Supplied records -

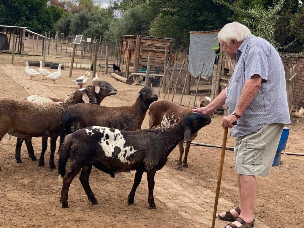 Dan is daar die foto van die uwe in ‘n ongewoon landelike toneel: die nadere kennismaking met kleinseun Migael van Deventer se kuddetjie Landrani meatmasters op seun Johan en skoondogter Mariza se plek aan die Grobbelaarrivier met die ietwat ambisieuse naam van “Ons Plasie” . (Maar daar is darem ook ganse en hoenders, granaat- en olyfbome en hawerkampe wat groen begin uitslaan.) Die vreemde wese met sy grys kapsel en kierie het duidelik die mooi skapies se belangstelling geprikkel.
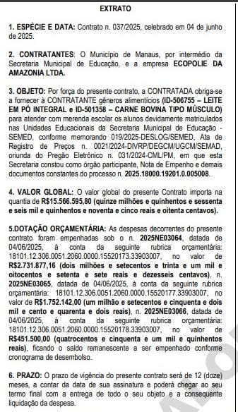 Já o novo contrato firmado com a empresa é para fornecer leite em pó integral e carne bovina tipo músculo “para atender com merenda escolar os alunos devidamente matriculados nas unidades educacionais” da Semed. O valor global no extrato foi de mais de R$ 15,5 milhões. Juntos, ambos chegam a mais de R$ 17 milhões. O prazo de fornecimento é de doze meses.
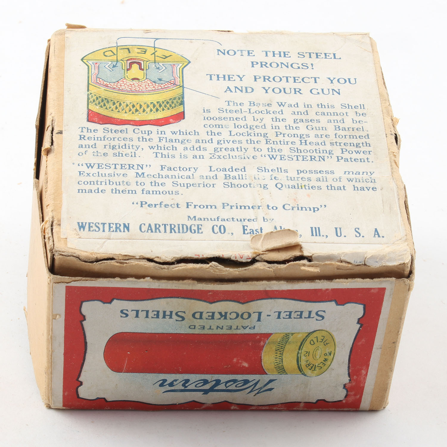 Western, Field/Super X, Label was made during transition from Field boxes to Super X boxes. 12ga., 2pc, Full, shot size 4Ch., buff box with multi-colored label, box has two seam splits to top , has light age soiling with edge wear, paper shells are excellent. Grade: Very Good - Value: 100 to 200
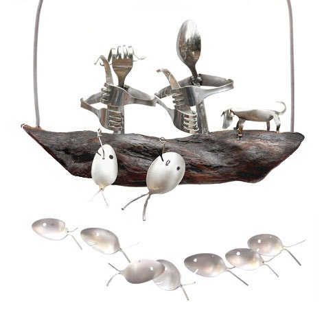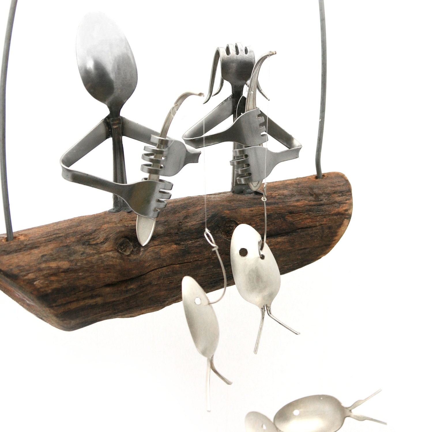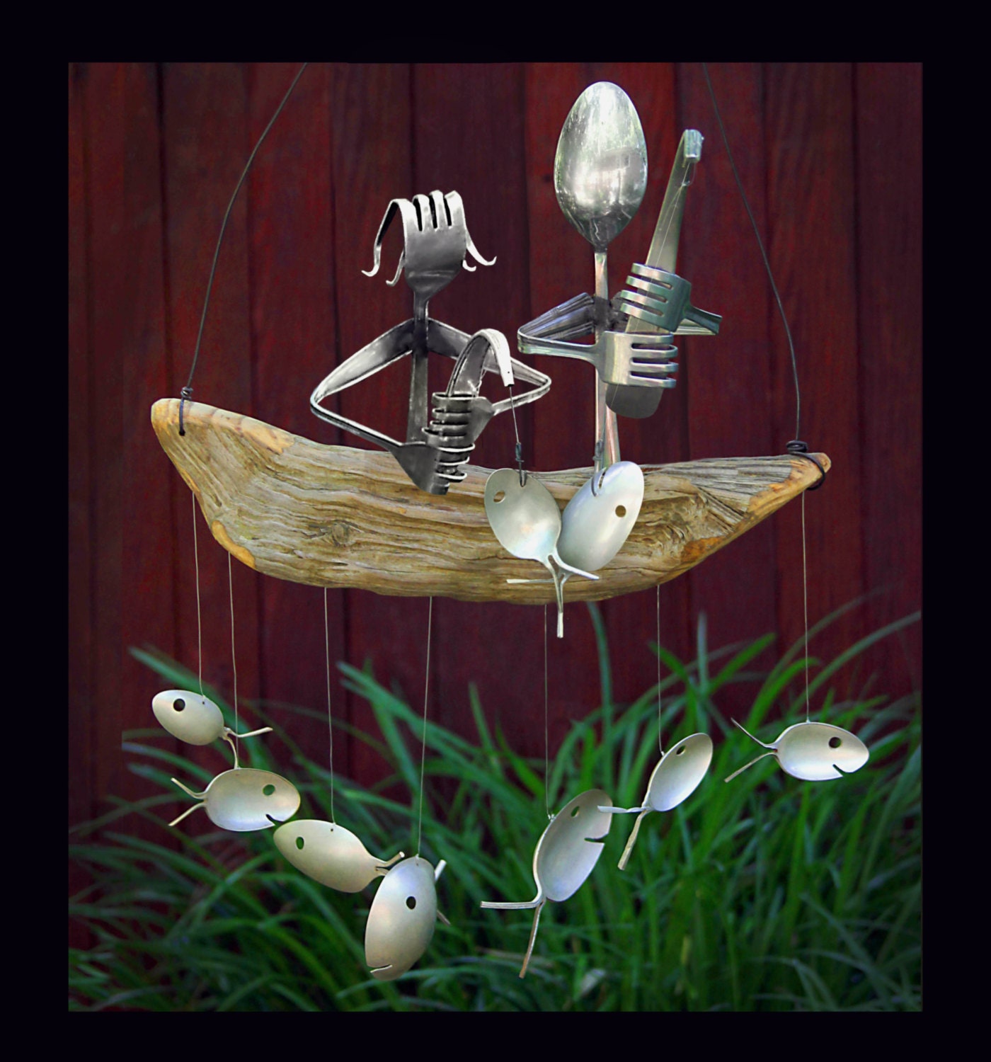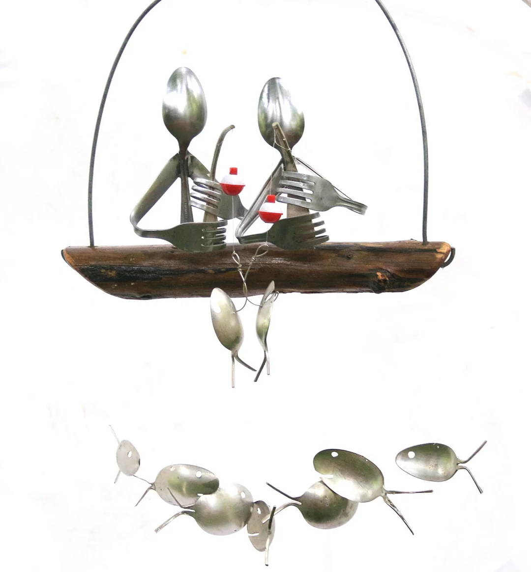 This Darling Duo proudly shows off their catch while sitting atop a natural driftwood boat. Perfect for any porch or yard. Driftwood dingy gently will rock in the breeze producing a delightful mellow sound. Each finished product is approx. 12" x 18". This Husband & Wife Fishing Trip Windchime is the perfect engagement, wedding, or anniversary gift fish the fishing enthusiast couple in your life. A wonderful addition for any home, beach house, or lakeside getaway. Driftwood dingy gently will rock in the breeze producing a delightful mellow sound. Spoon Fish and Fishing Poles are upcycled from vintage and antique Silver Plated Flatware. The handcrafted fishermen and women are carefully welded from durable stainless steel. Each chime will have a total of 9 varied spoon fish, 1 Man and 1 Woman fishers complete with a fishing rod & their catch. Sit back, relax and listen to the chimes whispering gentle stories of centuries past! Driftwood comes finished to ensure your windchime will last for years to come. Suitable for indoor & outdoor use. The handmade nature of our products results in slight variations which give each piece a unique character.
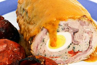 Preparar vuestros propios fiambres nunca fue tan fácil:Ingredientes (para el rollo):-1 falda de cerdo (500 g aprox)-300 g de carne de pollo picada-2 huevos cocidos-125 g de bacón-3 pimientos del piquillo-pimienta-perejil-2 dientes de ajo1-Picar el diente de ajo, el perejil y los pimientos del piquillo. Mezclarlos con la carne de pollo.2-Extender la falda de cerdo, cubrirla con tiras de bacón, con la carne picada y los huevos cocidos por último. Enrollar bien apretado, y cerrar con una red, o coser con una guita.Ingredientes (para la salsa):
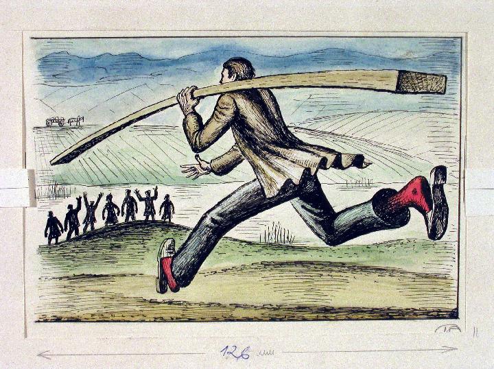 "glass harmonica" In February 1968 in the journal Children's Literature "was released a reversal of Hulot, with his photograph. Article written Viktor Pivovarov. He recalled how he first got into the studio and was amazed at the fantastic Hulot disorder, but on the other hand, the strict rhythm of things and thoughts expressed by an extremely simple and strong as a bell. Hulot was very pleased with the article, he walked, he rubbed his hands, and said: "Here, he lived, at last!". He was grateful Vite for this article, for the fact that he had been assessed. Director Andrei Khrzhanovsky proposed Hulot make cartoon "Glass Harmonica" scenario Shpalikov. The composer Alfred Schnittke. The second artist was Yuri Nolev-Sobolev. The film was released in 1968. The art historian Irina Myagkova later wrote about this film in the "Decorative Arts": "Ruler, faceless correct administrative robot-man, machinery, trying to turn off the sun, immerse people in the dark cave, let the will of the dark passion. In the absence of light, people turned into monsters in Goya's grotesques and Bosch. Fine art savagely destroyed, the clock on the square overwhelmed, and reverse time, carried with them running wild and people, and the city. The town was turned into a dark maze of stone not covered either by nature, no music, no beauty. City Zamyatin and Orwell. The little harmonica becomes a powerful body, under the wonderful sounds of music Schnittke all alive, all soars in a colorful, sunny sky. The struggle of light and darkness. " Film editor A. Snesarev was a man of vision. He understood the significance of the script, director and all brilliant. Thus was created a film that went into the golden fund of the Soviet cartoon 60's - 70-ies. It so happened that the daughter of Arcadia Snesariev, Hope, became the wife of Tenno Sooster. No one then could foresee a reversal of political events. Premiere filmaprishlas on Czech events. Any manifestation of free thought were immediately stopped, and the film has been shelved. Andrew Khrzhanovsky unexpectedly, in spite of age, called on the army. He had to serve as a lieutenant in the Navy. All thought it was a punishment. And the film has been shelved, where he spent twenty years. Returning from the army, Andrew could only secretly to show the film at the studio and sometimes at their evenings in various creative unions. Hulot, made a second film with director E. Hamburg, who invited him to art director. The film was called "Beware of wolves!". Hulot is not like the movie theme, and it is with great reluctance, only because of the straitened circumstances, has agreed to work. The only success was an excellent group to pick up for work on the film. Hulot very ashamed of this movie and did not want one of his friends to see. In life Hulot was rather eccentric, and in the studio, he did not change their habits. He paced the studio barefoot, once put his face and hands in a photocopier, smoking where not allowed. The company gathered on the film is warm, both for work and for drinking. Hulot is influenced young artists and animators in the sense of avant-garde views on art and creative freedom. Sooster LI My Sooster. - Tallinn: Avenarius, 2000. - 176 pp. «The glass harmonica." Animation: http://mults.spb.ru/mults/?id=1292 |
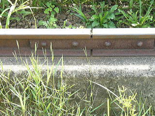 奈良県にて。2005年8月 撮影 まぎれもなく線路・・。たんぼのなかにこんなレールが。 しかも田んぼ道のすぐ横に走っています。 |

What you will do - Return the listing above in full and without alteration, excluding its pictures.

Result -
 Dan is daar die foto van die uwe in ‘n ongewoon landelike toneel: die nadere kennismaking met kleinseun Migael van Deventer se kuddetjie Landrani meatmasters op seun Johan en skoondogter Mariza se plek aan die Grobbelaarrivier met die ietwat ambisieuse naam van “Ons Plasie” . (Maar daar is darem ook ganse en hoenders, granaat- en olyfbome en hawerkampe wat groen begin uitslaan.) Die vreemde wese met sy grys kapsel en kierie het duidelik die mooi skapies se belangstelling geprikkel.
 Já o novo contrato firmado com a empresa é para fornecer leite em pó integral e carne bovina tipo músculo “para atender com merenda escolar os alunos devidamente matriculados nas unidades educacionais” da Semed. O valor global no extrato foi de mais de R$ 15,5 milhões. Juntos, ambos chegam a mais de R$ 17 milhões. O prazo de fornecimento é de doze meses.
 Western, Field/Super X, Label was made during transition from Field boxes to Super X boxes. 12ga., 2pc, Full, shot size 4Ch., buff box with multi-colored label, box has two seam splits to top , has light age soiling with edge wear, paper shells are excellent. Grade: Very Good - Value: 100 to 200
 This Darling Duo proudly shows off their catch while sitting atop a natural driftwood boat. Perfect for any porch or yard. Driftwood dingy gently will rock in the breeze producing a delightful mellow sound. Each finished product is approx. 12" x 18". This Husband & Wife Fishing Trip Windchime is the perfect engagement, wedding, or anniversary gift fish the fishing enthusiast couple in your life. A wonderful addition for any home, beach house, or lakeside getaway. Driftwood dingy gently will rock in the breeze producing a delightful mellow sound. Spoon Fish and Fishing Poles are upcycled from vintage and antique Silver Plated Flatware. The handcrafted fishermen and women are carefully welded from durable stainless steel. Each chime will have a total of 9 varied spoon fish, 1 Man and 1 Woman fishers complete with a fishing rod & their catch. Sit back, relax and listen to the chimes whispering gentle stories of centuries past! Driftwood comes finished to ensure your windchime will last for years to come. Suitable for indoor & outdoor use. The handmade nature of our products results in slight variations which give each piece a unique character.
 Preparar vuestros propios fiambres nunca fue tan fácil:Ingredientes (para el rollo):-1 falda de cerdo (500 g aprox)-300 g de carne de pollo picada-2 huevos cocidos-125 g de bacón-3 pimientos del piquillo-pimienta-perejil-2 dientes de ajo1-Picar el diente de ajo, el perejil y los pimientos del piquillo. Mezclarlos con la carne de pollo.2-Extender la falda de cerdo, cubrirla con tiras de bacón, con la carne picada y los huevos cocidos por último. Enrollar bien apretado, y cerrar con una red, o coser con una guita.Ingredientes (para la salsa):
 "glass harmonica" In February 1968 in the journal Children's Literature "was released a reversal of Hulot, with his photograph. Article written Viktor Pivovarov. He recalled how he first got into the studio and was amazed at the fantastic Hulot disorder, but on the other hand, the strict rhythm of things and thoughts expressed by an extremely simple and strong as a bell. Hulot was very pleased with the article, he walked, he rubbed his hands, and said: "Here, he lived, at last!". He was grateful Vite for this article, for the fact that he had been assessed. Director Andrei Khrzhanovsky proposed Hulot make cartoon "Glass Harmonica" scenario Shpalikov. The composer Alfred Schnittke. The second artist was Yuri Nolev-Sobolev. The film was released in 1968. The art historian Irina Myagkova later wrote about this film in the "Decorative Arts": "Ruler, faceless correct administrative robot-man, machinery, trying to turn off the sun, immerse people in the dark cave, let the will of the dark passion. In the absence of light, people turned into monsters in Goya's grotesques and Bosch. Fine art savagely destroyed, the clock on the square overwhelmed, and reverse time, carried with them running wild and people, and the city. The town was turned into a dark maze of stone not covered either by nature, no music, no beauty. City Zamyatin and Orwell. The little harmonica becomes a powerful body, under the wonderful sounds of music Schnittke all alive, all soars in a colorful, sunny sky. The struggle of light and darkness. " Film editor A. Snesarev was a man of vision. He understood the significance of the script, director and all brilliant. Thus was created a film that went into the golden fund of the Soviet cartoon 60's - 70-ies. It so happened that the daughter of Arcadia Snesariev, Hope, became the wife of Tenno Sooster. No one then could foresee a reversal of political events. Premiere filmaprishlas on Czech events. Any manifestation of free thought were immediately stopped, and the film has been shelved. Andrew Khrzhanovsky unexpectedly, in spite of age, called on the army. He had to serve as a lieutenant in the Navy. All thought it was a punishment. And the film has been shelved, where he spent twenty years. Returning from the army, Andrew could only secretly to show the film at the studio and sometimes at their evenings in various creative unions. Hulot, made a second film with director E. Hamburg, who invited him to art director. The film was called "Beware of wolves!". Hulot is not like the movie theme, and it is with great reluctance, only because of the straitened circumstances, has agreed to work. The only success was an excellent group to pick up for work on the film. Hulot very ashamed of this movie and did not want one of his friends to see. In life Hulot was rather eccentric, and in the studio, he did not change their habits. He paced the studio barefoot, once put his face and hands in a photocopier, smoking where not allowed. The company gathered on the film is warm, both for work and for drinking. Hulot is influenced young artists and animators in the sense of avant-garde views on art and creative freedom. Sooster LI My Sooster. - Tallinn: Avenarius, 2000. - 176 pp. «The glass harmonica." Animation: http://mults.spb.ru/mults/?id=1292 |
 奈良県にて。2005年8月 撮影 まぎれもなく線路・・。たんぼのなかにこんなレールが。 しかも田んぼ道のすぐ横に走っています。 |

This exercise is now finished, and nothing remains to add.